The map shows there are a total of 9 corners on the GP track. Read our full post on Brands Hatch corner names for a breakdown of each corner.
how long is Brands Hatch GP circuit?
Brands Hatch GP circuit is 2.4 miles long. This is the current iteration of the circuit that has been in place since 2003, when significant changes were last made by removing Dingle Dell corner and replacing it with Sheene Curve.
The previous version of the track when Dingle Dell corner existed was ever so slightly longer, at about 2.6 miles in length.
what is a good lap time at Brands GP?
A good lap time here depends on what car you are driving. As a reference point the quickest the BTCC guys manage to lap the circuit is just under 1 minute 30 seconds. This was set in 2022 at the start of the Hybrid-era cars which are proving to be quicker than previous full petrol cars.
See our post on Brands Hatch lap records and fastest lap times for a full run-down of some of the quickest times at this circuit.
what races on the GP circuit?
Unfortunately due to whining neighbours and local residents complaining about noise from the race track they moved next to, Brands Hatch GP circuit isn’t used very much throughout the year.
There are still a select few headline events which run on the GP circuit. These include the GT World Challenge Europe, British GT, Masters Historic Festival, British Superbike Championship and the BTCC finale at the end of the year.
See our list of Brands Hatch events for a full rundown of the races that will be held on both the GP and Indy circuits.
noise issues and complaints
Brands Hatch GP has been plagued with noise issues from local residents for decades. In 2008 circuit management signed a deal with the local council to commit to reducing ‘noise and disturbances’ from its events moving forwards.
Even now this is still an ongoing issue for the circuit. Their 2022 / 2023 noise management plan makes for some disappointing reading. It says that running on the GP circuit has to be limited to a very strict number of events each year. Track days on the GP circuit have to be restricted to just 20 days for cars which do not breach the noise limits stated below.
There are an additional 20 days allowed for quiet activity for vehicles that do not exceed 98dB(A) static.

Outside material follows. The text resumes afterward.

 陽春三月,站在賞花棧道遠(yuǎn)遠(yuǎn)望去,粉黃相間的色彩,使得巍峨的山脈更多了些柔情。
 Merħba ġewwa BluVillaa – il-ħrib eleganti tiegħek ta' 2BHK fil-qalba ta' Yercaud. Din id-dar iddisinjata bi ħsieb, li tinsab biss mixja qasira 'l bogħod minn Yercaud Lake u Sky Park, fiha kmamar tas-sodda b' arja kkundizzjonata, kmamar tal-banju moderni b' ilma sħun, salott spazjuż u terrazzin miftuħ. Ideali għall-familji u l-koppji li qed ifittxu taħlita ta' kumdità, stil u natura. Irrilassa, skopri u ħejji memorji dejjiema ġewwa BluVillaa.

Vehicles which fall above the 102db(A) noise limit are categorised as Class 2 or Class 3. Class 2 is up to 118dB(A) and Class 3 is unsilenced. Only 6 events per year are allowed for vehicles which fall in to either of these categories for the whole of Brands Hatch, not just the GP circuit.
If we look at the GP circuit from a satellite view we can see why it is so susceptible to noise complaints. The village of West Kingsdown is nestled right in amongst the southern part of the GP circuit. Some of the houses are literally a stone’s throw away from the edge of the circuit and back right on to it.

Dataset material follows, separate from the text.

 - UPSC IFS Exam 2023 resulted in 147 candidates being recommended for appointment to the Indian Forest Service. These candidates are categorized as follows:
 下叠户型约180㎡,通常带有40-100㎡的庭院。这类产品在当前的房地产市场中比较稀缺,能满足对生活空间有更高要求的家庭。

On loud race days I can understand they must get an earful. But those days are not very common any more, and when they are they’re always planned months in advance.
A select few of these can be seen from the GP circuit itself. There are a couple of roofs visible from the final straight before the circuit reaches Clearways.

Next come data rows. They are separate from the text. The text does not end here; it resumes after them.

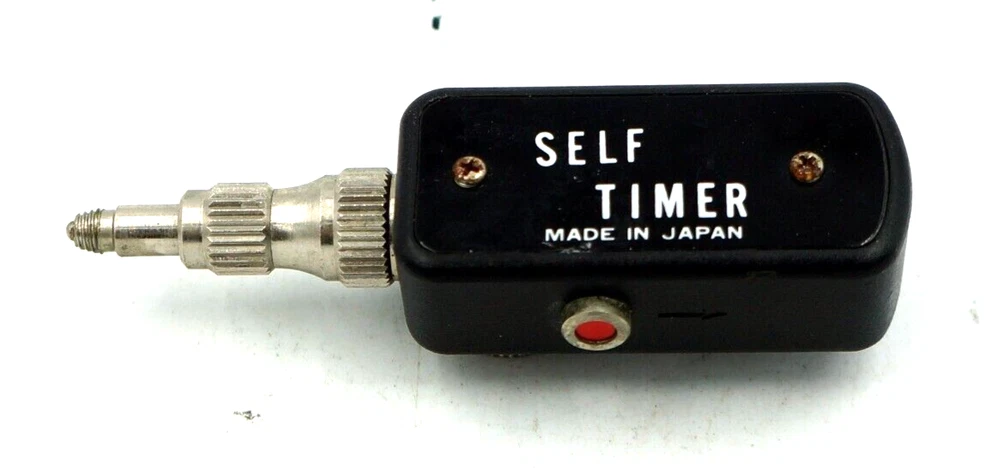 This is a used, in excellent working condition, Vintage Mechanical Self Timer Camera Shutter Release. Made in Japan. Adjustable pin depth for different cameras / delays.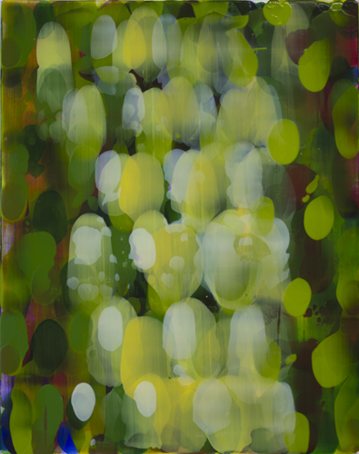 Based on the existing situation on the canvas, I make a move when I choose a new colour and apply spoonsful of paint and spread it with a squeegee.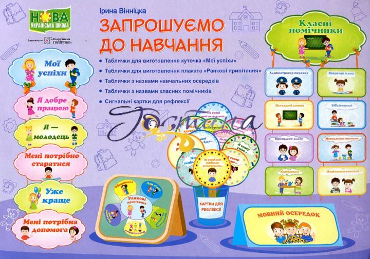 Однією зі складових Нової української школи є створення сучасного освітнього середовища, зокрема багатофункціональних гнучких просторів, що сприяють різним формам роботи, мотивують до навчання. Комплект «Запрошуємо до навчання» буде корисним для вчителів початкових класів, допоможе облаштувати комфортне, яскраве освітнє середовище.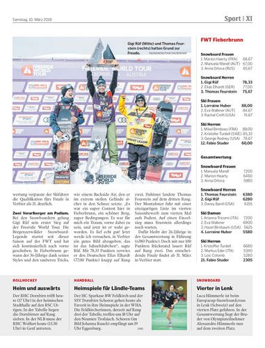 Lorraine Huber bei den Skifahrerinnen und Gigi Rüf bei den Snowboardern siegten bei der Freeride World Tour jeweils in ihrer Kategorie und qualifizierten sich für das Finale in Verbier.

A couple of other houses actually have a direct view of Sheene Curve from their back windows. If you were a motorsport fan then this would be one of the most incredible places to live. Imagine being able to look directly on to the circuit from your bedroom window!
Unfortunately a few of these houses are occupied by non-race fans. Despite Brands Hatch offering free season passes to all local residents, that doesn’t stop them from complaining. The most upsetting thing of all is knowing that it just takes a couple of complaints from jobsworth residents – who would have undoubtedly moved near to the track whilst it was already in use as a motorsport venue – to seriously affect the operations of a track like Brands.
The UK leads the way when it comes to motorsport. The majority of F1 teams are based in the UK. Its technical and engineering capabilities are the best anywhere in the world. The motorsport industry contributes around £10bn to the economy. Venues like Brands Hatch should be celebrated for their history and ongoing contribution to local and national economies.
But if we continue to let the self-righteous voice of just a couple of NIMBYs (Not In My Back Yards) affect the running of circuits like this then the UK’s motorsport and engineering expertise will diminish as companies begin to look elsewhere to develop, test and race their motorsport products, cars and components.